That's it. You just need to do the important work of the error handler in its call operator, and then implement the two overloads of diagnose() that it must provide for use inside semantic actions. The default implementation of these is even available as the free function write_formatted_message(), so you can just call that, as you see above. Here's how you might use it.

int main()
{
    std::cout << "Enter a list of integers, separated by commas. ";
    std::string input;
    std::getline(std::cin, input);

    constexpr auto parser = bp::int_ >> *(',' > bp::int_);
    logging_error_handler error_handler("parse.log");
    auto const result = bp::parse(input, bp::with_error_handler(parser, error_handler));

    if (result) {
        std::cout << "It looks like you entered:\n";
        for (int x : *result) {
            std::cout << x << "\n";
        }
    }
}

We just define a logging_error_handler, and pass it by reference to with_error_handler(), which decorates the top-level parser with the error handler.

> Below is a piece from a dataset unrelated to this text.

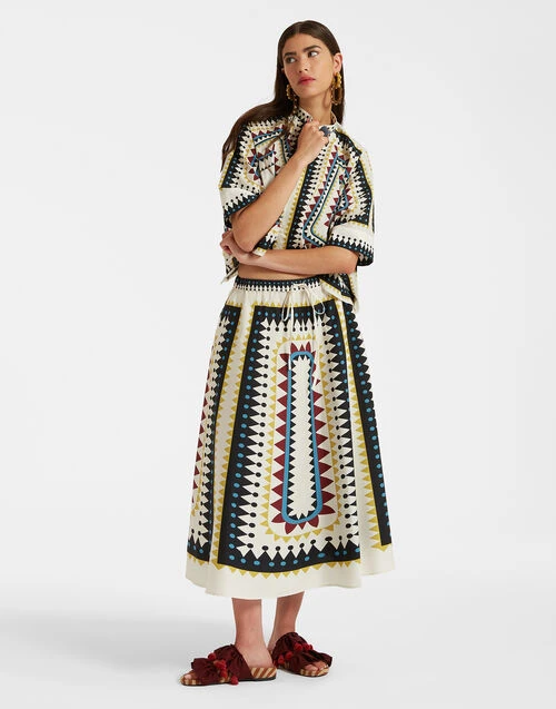 Boho, but better: exude a chic Ibiza vibe in our Drawstring Skirt, which arrives for far-flung getaways in this grogeous light cotton poplin. Designed with a drawstring waist (no vacation deserves a tight waistband), this beauty hits at the ankle on more petite women and mid-calf on longer legs with a zig-zag hemline to really bring the free spirit vibe home. Dress it up with our La Scala Top, dress it down with our Poet Skirt and definitely finish with some oversized sunglasses.

We could not have written bp::with_error_handler(parser, logging_error_handler("parse.log")), because with_error_handler() does not accept rvalues. This is becuse the error handler eventually goes into the parse context. The parse context only stores pointers and iterators, keeping it cheap to copy.

If we run the example and give it the input "1,", this shows up in the log file:

parse.log:1:2: error: Expected int_ here (end of input):
1,
  ^
Fixing ill-formed code

Sometimes, during the writing of a parser, you make a simple mistake that is diagnosed horrifyingly, due to the high number of template instantiations between the line you just wrote and the point of use (usually, the call to parse()). By "sometimes", I mean "almost always and many, many times". Boost.Parser has a workaround for situations like this. The workaround is to make the ill-formed code well-formed in as many circumstances as possible, and then do a runtime assert instead.

Usually, C++ programmers try whenever they can to catch mistakes as early as they can. That usually means making as much bad code ill-formed as possible. Counter-intuitively, this does not work well in parser combinator situations. For an example of just how dramatically different these two debugging scenarios can be with Boost.Parser, please see the very long discussion in the none is weird section of Rationale.

If you are morally opposed to this approach, or just hate fun, good news: you can turn off the use of this technique entirely by defining BOOST_PARSER_NO_RUNTIME_ASSERTIONS.

Runtime debugging

Debugging parsers is hard. Any parser above a certain complexity level is nearly impossible to debug simply by looking at the parser's code. Stepping through the parse in a debugger is even worse. To provide a reasonable chance of debugging your parsers, Boost.Parser has a trace mode that you can turn on simply by providing an extra parameter to parse() or callback_parse():

boost::parser::parse(input, parser, boost::parser::trace::on);

Every overload of parse() and callback_parse() takes this final parameter, which is defaulted to boost::parser::trace::off.

If we trace a substantial parser, we will see a lot of output. Each code point of the input must be considered, one at a time, to see if a certain rule matches. An an example, let's trace a parse using the JSON parser from Parsing JSON. The input is "null". null is one of the types that a Javascript value can have; the top-level parser in the JSON parser example is:

auto const value_p_def =
    number | bp::bool_ | null | string | array_p | object_p;

So, a JSON value can be a number, or a Boolean, a null, etc. During the parse, each alternative will be tried in turn, until one is matched. I picked null because it is relatively close to the beginning of the value_p_def alternative parser. Even so, the output is pretty huge. Let's break it down as we go:

[begin value; input="null"]

Each parser is traced as [begin foo; ...], then the parsing operations themselves, and then [end foo; ...]. The name of a rule is used as its name in the begin and end parts of the trace. Non-rules have a name that is similar to the way the parser looked when you wrote it. Most lines will have the next few code points of the input quoted, as we have here (input="null").

[begin number | bool_ | null | string | ...; input="null"]

This shows the beginning of the parser inside the rule value — the parser that actually does all the work. In the example code, this parser is called value_p_def. Since it isn't a rule, we have no name for it, so we show its implementation in terms of subparsers. Since it is a bit long, we don't print the entire thing. That's why that ellipsis is there.

[begin number; input="null"]
  [begin raw[lexeme[ >> ...]][<<action>>]; input="null"]

Now we're starting to see the real work being done. number is a somewhat complicated parser that does not match "null", so there's a lot to wade through when following the trace of its attempt to do so. One thing to note is that, since we cannot print a name for an action, we just print "<<action>>". Something similar happens when we come to an attribute that we cannot print, because it has no stream insertion operation. In that case, "<<unprintable-value>>" is printed.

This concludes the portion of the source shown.